- EXERCISE MATERIALS -

········

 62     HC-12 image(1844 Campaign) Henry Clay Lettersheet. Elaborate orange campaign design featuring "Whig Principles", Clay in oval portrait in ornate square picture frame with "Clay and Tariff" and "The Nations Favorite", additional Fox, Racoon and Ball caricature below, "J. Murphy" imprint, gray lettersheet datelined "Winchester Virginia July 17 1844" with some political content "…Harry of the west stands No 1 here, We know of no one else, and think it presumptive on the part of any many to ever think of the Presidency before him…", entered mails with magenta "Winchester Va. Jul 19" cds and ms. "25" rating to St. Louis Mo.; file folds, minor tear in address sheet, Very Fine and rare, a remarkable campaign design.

········

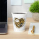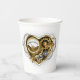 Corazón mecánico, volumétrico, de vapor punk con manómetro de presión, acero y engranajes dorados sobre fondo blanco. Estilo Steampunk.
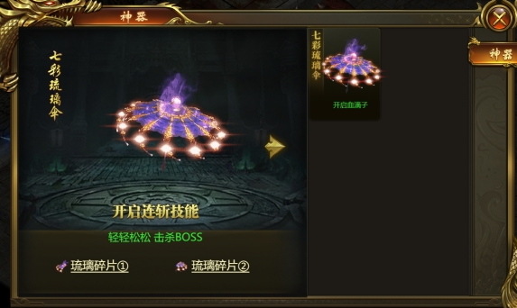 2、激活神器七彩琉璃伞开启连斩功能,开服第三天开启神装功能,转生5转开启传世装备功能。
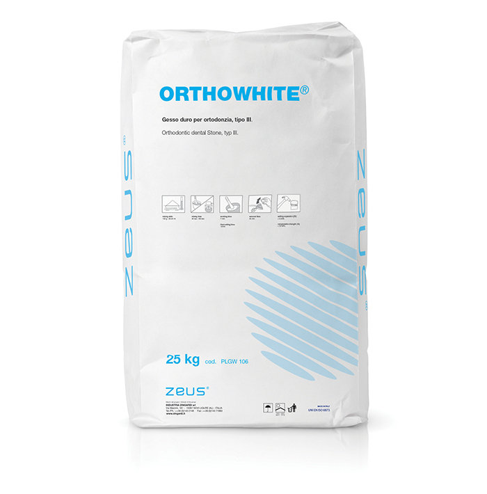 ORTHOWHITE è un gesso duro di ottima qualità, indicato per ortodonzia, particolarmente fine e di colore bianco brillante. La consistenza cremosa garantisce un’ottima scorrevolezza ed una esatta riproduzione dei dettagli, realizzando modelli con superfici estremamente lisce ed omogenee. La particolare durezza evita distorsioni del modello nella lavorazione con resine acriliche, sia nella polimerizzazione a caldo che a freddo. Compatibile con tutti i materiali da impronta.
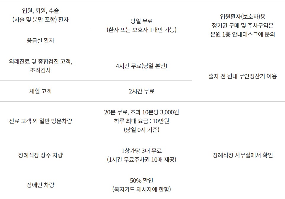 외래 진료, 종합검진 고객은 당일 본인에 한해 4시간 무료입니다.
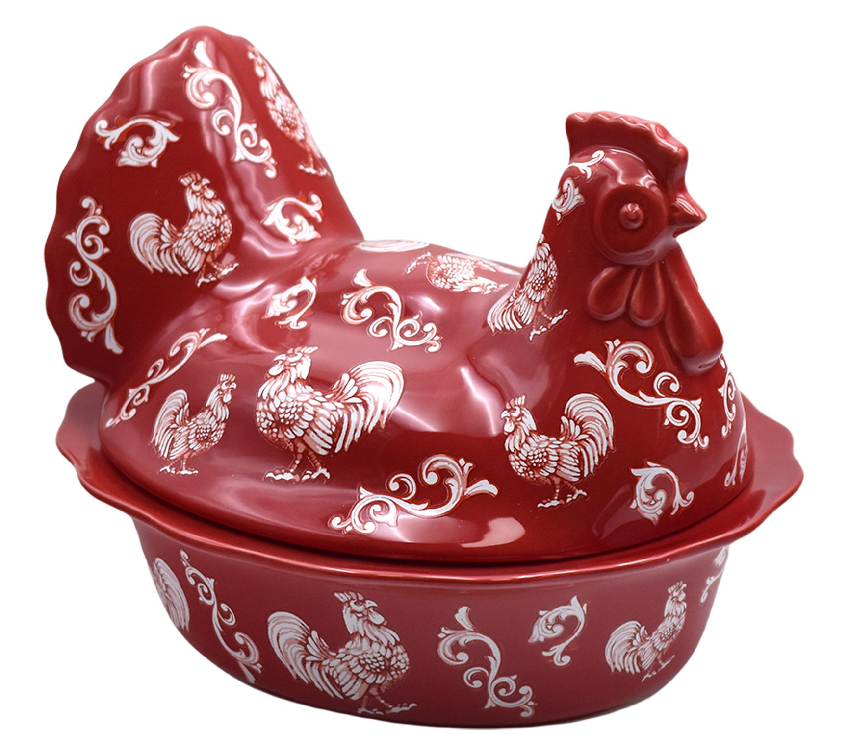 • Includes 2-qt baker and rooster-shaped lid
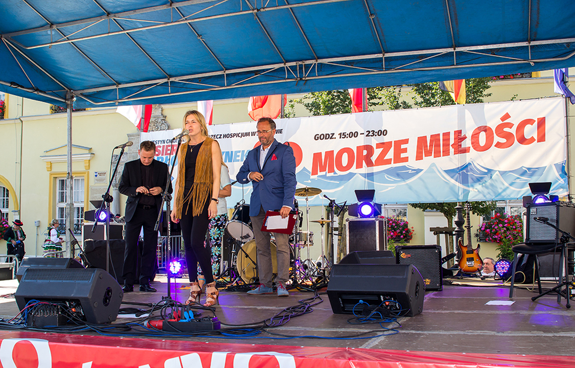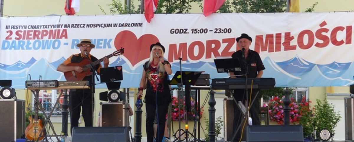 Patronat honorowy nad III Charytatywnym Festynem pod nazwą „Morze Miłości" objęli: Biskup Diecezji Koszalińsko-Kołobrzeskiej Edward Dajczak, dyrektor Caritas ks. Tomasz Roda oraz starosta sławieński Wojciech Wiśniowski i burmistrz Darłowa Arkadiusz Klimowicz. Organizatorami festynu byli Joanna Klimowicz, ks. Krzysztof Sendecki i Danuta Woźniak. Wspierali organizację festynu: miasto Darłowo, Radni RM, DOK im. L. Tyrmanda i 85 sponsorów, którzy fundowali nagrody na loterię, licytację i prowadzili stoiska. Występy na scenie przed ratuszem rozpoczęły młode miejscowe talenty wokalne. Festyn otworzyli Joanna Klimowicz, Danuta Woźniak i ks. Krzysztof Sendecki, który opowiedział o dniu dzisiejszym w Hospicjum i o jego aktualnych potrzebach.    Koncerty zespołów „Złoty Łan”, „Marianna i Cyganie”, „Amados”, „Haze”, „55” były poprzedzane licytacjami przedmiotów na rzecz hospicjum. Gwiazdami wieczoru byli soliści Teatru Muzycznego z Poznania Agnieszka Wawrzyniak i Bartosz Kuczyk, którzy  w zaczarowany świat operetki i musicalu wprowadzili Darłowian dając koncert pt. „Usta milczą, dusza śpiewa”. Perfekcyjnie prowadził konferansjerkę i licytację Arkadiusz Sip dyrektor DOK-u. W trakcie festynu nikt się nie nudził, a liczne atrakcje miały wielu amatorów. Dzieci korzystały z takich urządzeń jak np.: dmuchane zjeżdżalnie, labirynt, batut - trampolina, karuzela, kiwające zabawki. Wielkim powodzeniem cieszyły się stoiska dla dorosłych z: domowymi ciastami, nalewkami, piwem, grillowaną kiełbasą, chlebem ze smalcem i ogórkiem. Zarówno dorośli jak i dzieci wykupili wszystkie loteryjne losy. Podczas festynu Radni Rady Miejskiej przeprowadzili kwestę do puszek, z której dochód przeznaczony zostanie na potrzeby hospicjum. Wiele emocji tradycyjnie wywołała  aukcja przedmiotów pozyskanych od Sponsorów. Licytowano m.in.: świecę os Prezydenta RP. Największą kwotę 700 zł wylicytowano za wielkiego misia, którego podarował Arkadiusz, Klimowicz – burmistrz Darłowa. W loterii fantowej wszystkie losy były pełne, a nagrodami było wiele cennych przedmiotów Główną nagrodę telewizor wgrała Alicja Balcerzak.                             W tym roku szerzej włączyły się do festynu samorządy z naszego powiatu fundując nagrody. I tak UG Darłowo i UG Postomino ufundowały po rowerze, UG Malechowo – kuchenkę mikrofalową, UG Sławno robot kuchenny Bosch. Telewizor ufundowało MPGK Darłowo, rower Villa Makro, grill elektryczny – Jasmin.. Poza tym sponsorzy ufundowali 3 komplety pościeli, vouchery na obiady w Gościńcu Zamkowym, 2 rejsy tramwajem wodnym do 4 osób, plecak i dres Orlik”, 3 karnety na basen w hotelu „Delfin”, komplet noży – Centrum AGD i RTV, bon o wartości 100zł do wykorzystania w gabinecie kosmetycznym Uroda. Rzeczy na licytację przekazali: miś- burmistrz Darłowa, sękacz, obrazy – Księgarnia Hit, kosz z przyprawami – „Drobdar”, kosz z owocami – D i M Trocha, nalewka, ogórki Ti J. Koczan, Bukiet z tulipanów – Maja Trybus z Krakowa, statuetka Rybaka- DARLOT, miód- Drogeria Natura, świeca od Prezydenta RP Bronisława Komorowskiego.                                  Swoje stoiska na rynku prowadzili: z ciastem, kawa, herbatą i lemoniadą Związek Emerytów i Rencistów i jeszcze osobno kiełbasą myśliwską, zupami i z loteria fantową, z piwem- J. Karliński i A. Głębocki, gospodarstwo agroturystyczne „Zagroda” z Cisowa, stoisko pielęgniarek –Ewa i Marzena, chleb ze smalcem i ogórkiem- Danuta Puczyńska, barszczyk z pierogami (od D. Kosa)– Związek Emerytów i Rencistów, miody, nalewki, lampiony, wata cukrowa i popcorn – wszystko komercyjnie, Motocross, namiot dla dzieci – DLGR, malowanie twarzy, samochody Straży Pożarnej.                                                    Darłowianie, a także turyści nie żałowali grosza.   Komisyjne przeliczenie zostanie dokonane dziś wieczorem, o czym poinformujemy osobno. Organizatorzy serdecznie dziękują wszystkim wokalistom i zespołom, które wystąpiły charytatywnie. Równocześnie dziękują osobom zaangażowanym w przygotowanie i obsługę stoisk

········

- TASK DETAILS -
Leaving each picture behind, please give again exactly the lines above from the one with "ORTHOWHITE è un" through the one with "and rooster-shaped lid", both included, and no others.

- SOLVED PROBLEM -
 ORTHOWHITE è un gesso duro di ottima qualità, indicato per ortodonzia, particolarmente fine e di colore bianco brillante. La consistenza cremosa garantisce un’ottima scorrevolezza ed una esatta riproduzione dei dettagli, realizzando modelli con superfici estremamente lisce ed omogenee. La particolare durezza evita distorsioni del modello nella lavorazione con resine acriliche, sia nella polimerizzazione a caldo che a freddo. Compatibile con tutti i materiali da impronta.
 외래 진료, 종합검진 고객은 당일 본인에 한해 4시간 무료입니다.
 • Includes 2-qt baker and rooster-shaped lid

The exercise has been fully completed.